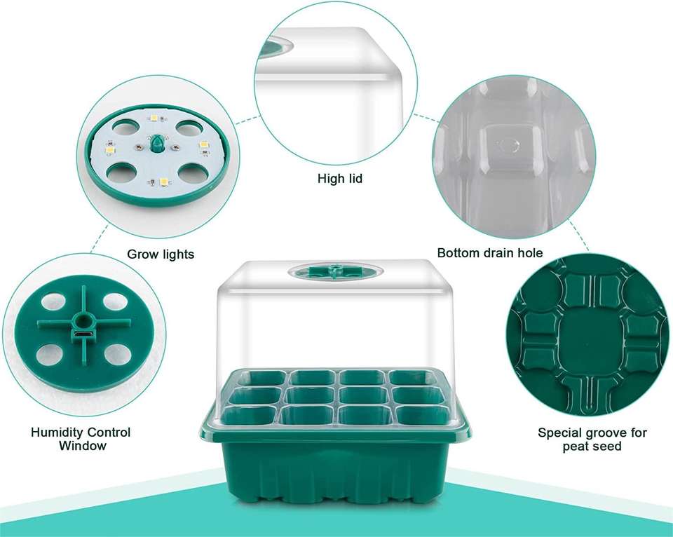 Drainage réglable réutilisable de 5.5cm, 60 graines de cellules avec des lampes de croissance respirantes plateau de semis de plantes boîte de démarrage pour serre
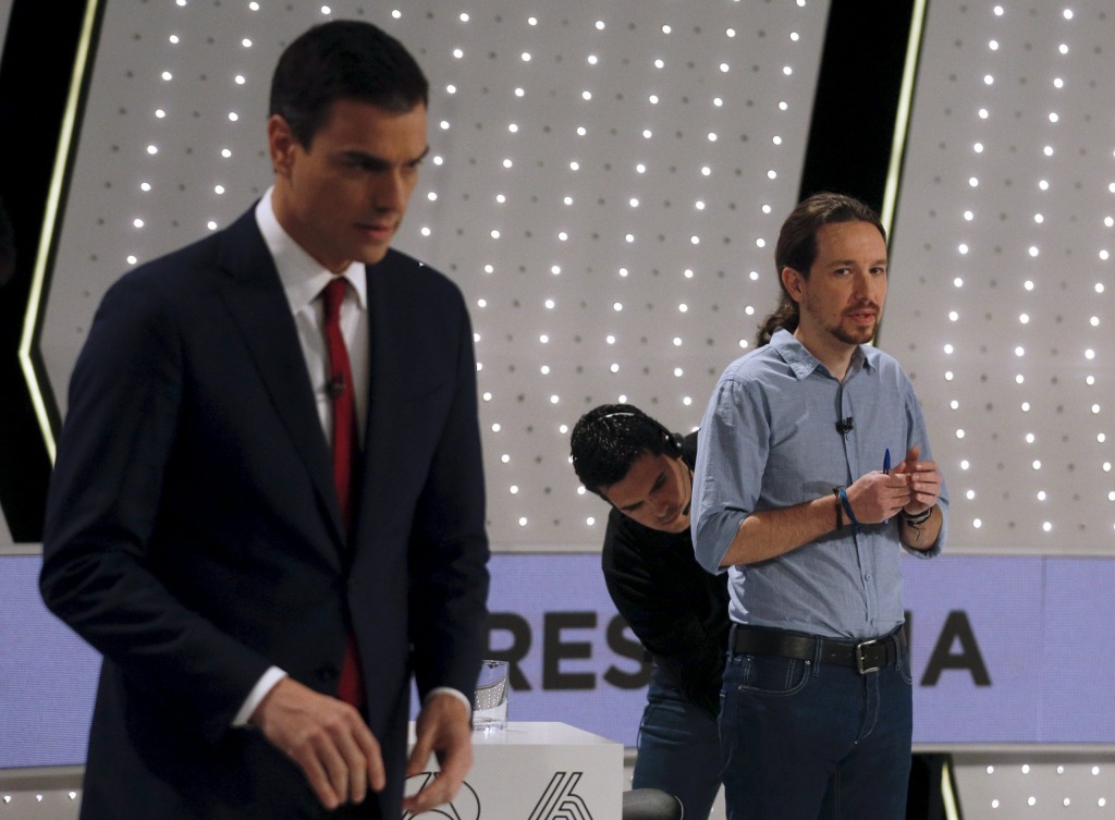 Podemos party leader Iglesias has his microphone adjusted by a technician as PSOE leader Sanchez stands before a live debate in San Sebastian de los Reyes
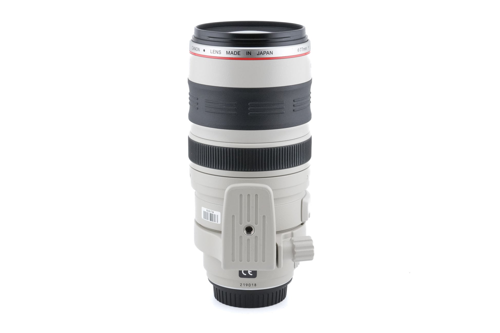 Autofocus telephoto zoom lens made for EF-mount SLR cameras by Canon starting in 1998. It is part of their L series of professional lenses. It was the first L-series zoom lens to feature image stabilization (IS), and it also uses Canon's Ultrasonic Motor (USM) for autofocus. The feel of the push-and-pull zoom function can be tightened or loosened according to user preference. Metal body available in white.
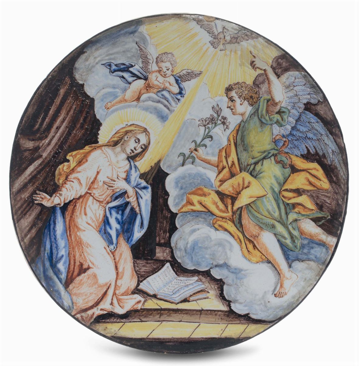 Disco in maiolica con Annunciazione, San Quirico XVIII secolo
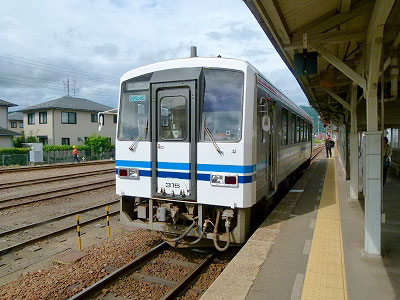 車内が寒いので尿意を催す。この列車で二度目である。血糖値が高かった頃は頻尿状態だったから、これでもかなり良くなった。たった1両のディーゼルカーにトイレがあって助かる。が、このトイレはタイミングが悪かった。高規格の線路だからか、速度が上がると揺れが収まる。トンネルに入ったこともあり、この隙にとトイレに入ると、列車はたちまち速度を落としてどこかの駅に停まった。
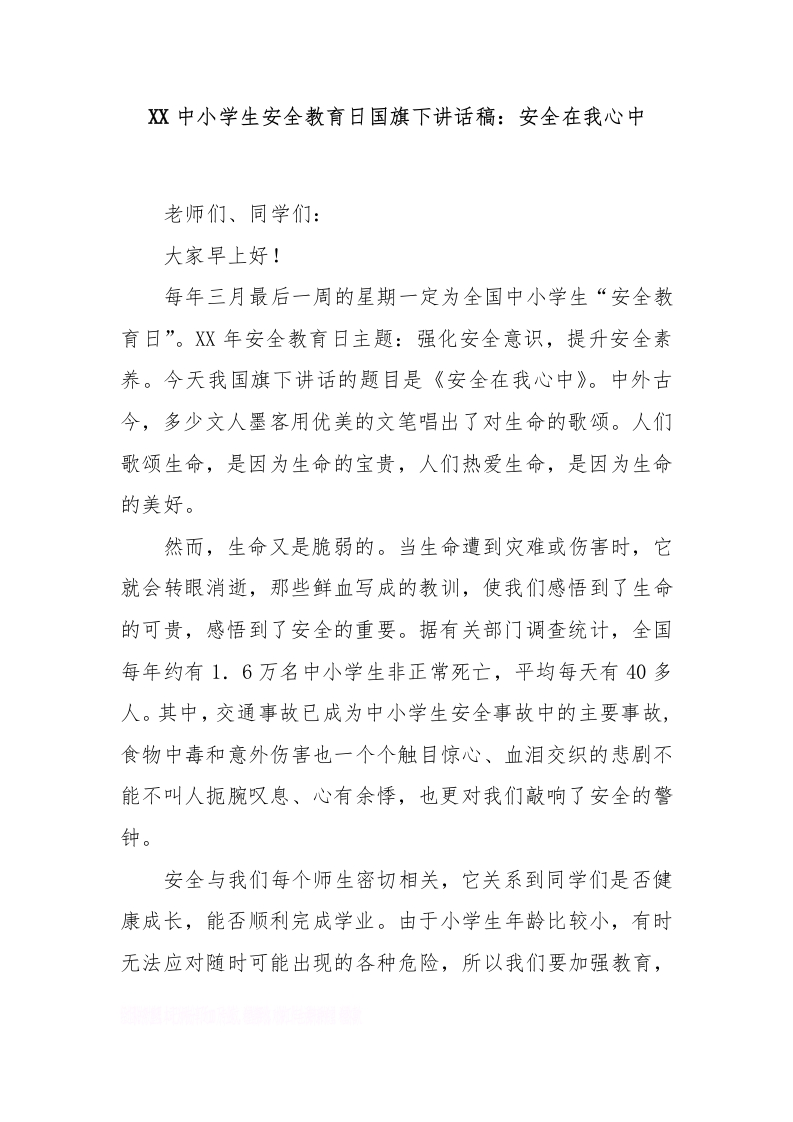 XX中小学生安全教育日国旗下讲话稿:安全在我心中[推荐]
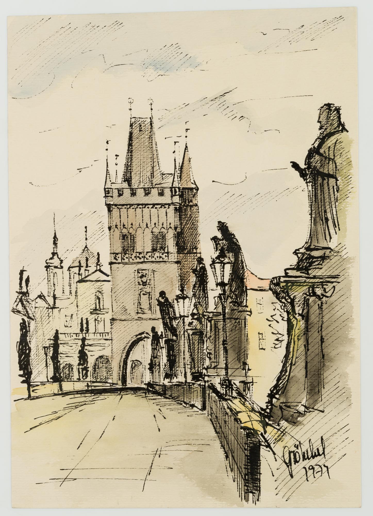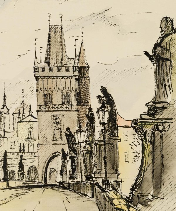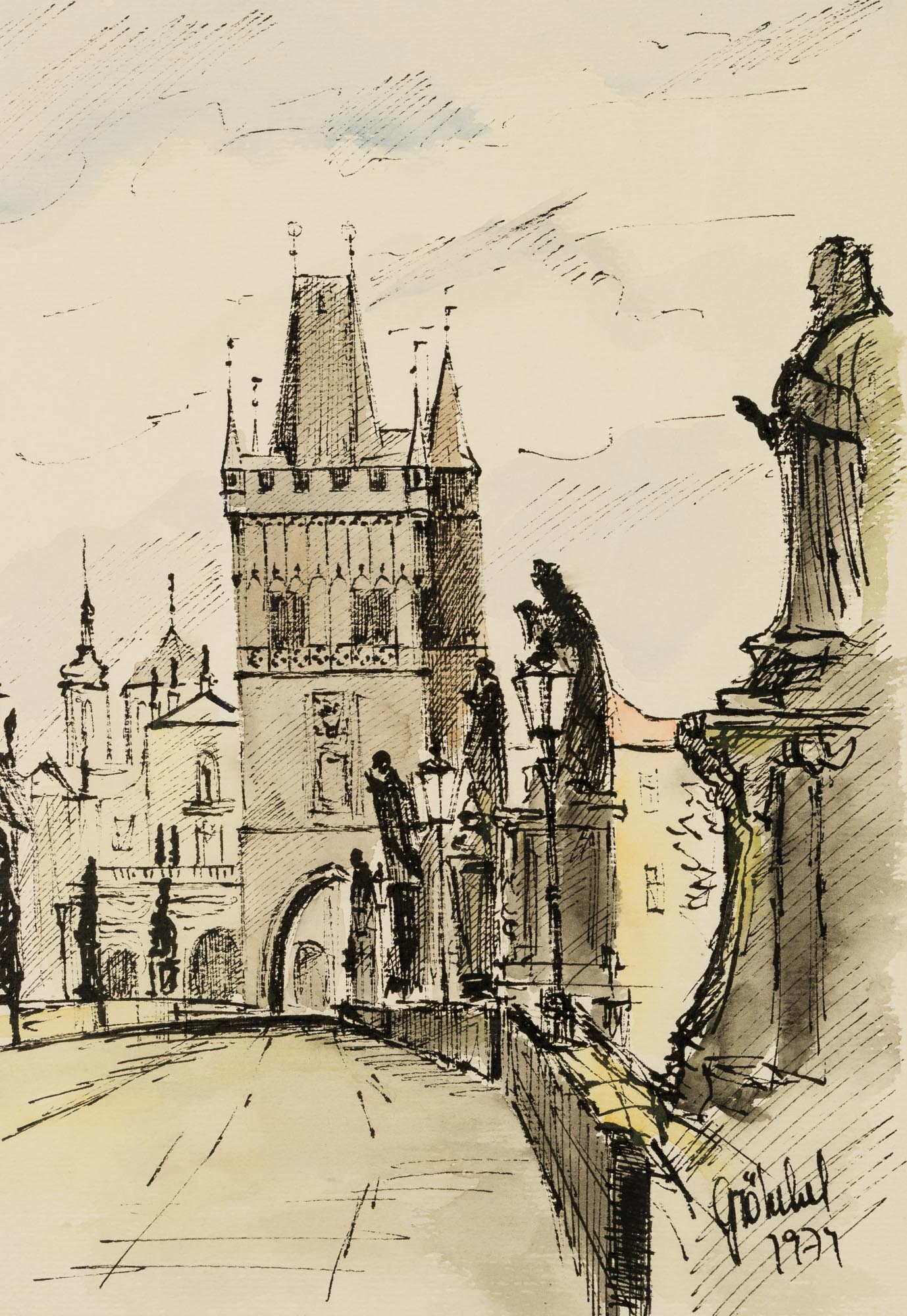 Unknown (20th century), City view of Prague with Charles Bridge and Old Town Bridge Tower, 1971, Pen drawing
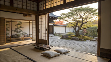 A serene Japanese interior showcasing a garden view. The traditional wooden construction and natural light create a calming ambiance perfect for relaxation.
++++++
- _WHAT YOU HAVE TO DO_
The lines from the one containing "Autofocus telephoto zoom" to the last line of the records, both included: print exactly those and nothing else, leaving out any pictures.

- _WORKED SOLUTION_
 Autofocus telephoto zoom lens made for EF-mount SLR cameras by Canon starting in 1998. It is part of their L series of professional lenses. It was the first L-series zoom lens to feature image stabilization (IS), and it also uses Canon's Ultrasonic Motor (USM) for autofocus. The feel of the push-and-pull zoom function can be tightened or loosened according to user preference. Metal body available in white.
 Disco in maiolica con Annunciazione, San Quirico XVIII secolo
 車内が寒いので尿意を催す。この列車で二度目である。血糖値が高かった頃は頻尿状態だったから、これでもかなり良くなった。たった1両のディーゼルカーにトイレがあって助かる。が、このトイレはタイミングが悪かった。高規格の線路だからか、速度が上がると揺れが収まる。トンネルに入ったこともあり、この隙にとトイレに入ると、列車はたちまち速度を落としてどこかの駅に停まった。
 XX中小学生安全教育日国旗下讲话稿:安全在我心中[推荐]
 Unknown (20th century), City view of Prague with Charles Bridge and Old Town Bridge Tower, 1971, Pen drawing
 A serene Japanese interior showcasing a garden view. The traditional wooden construction and natural light create a calming ambiance perfect for relaxation.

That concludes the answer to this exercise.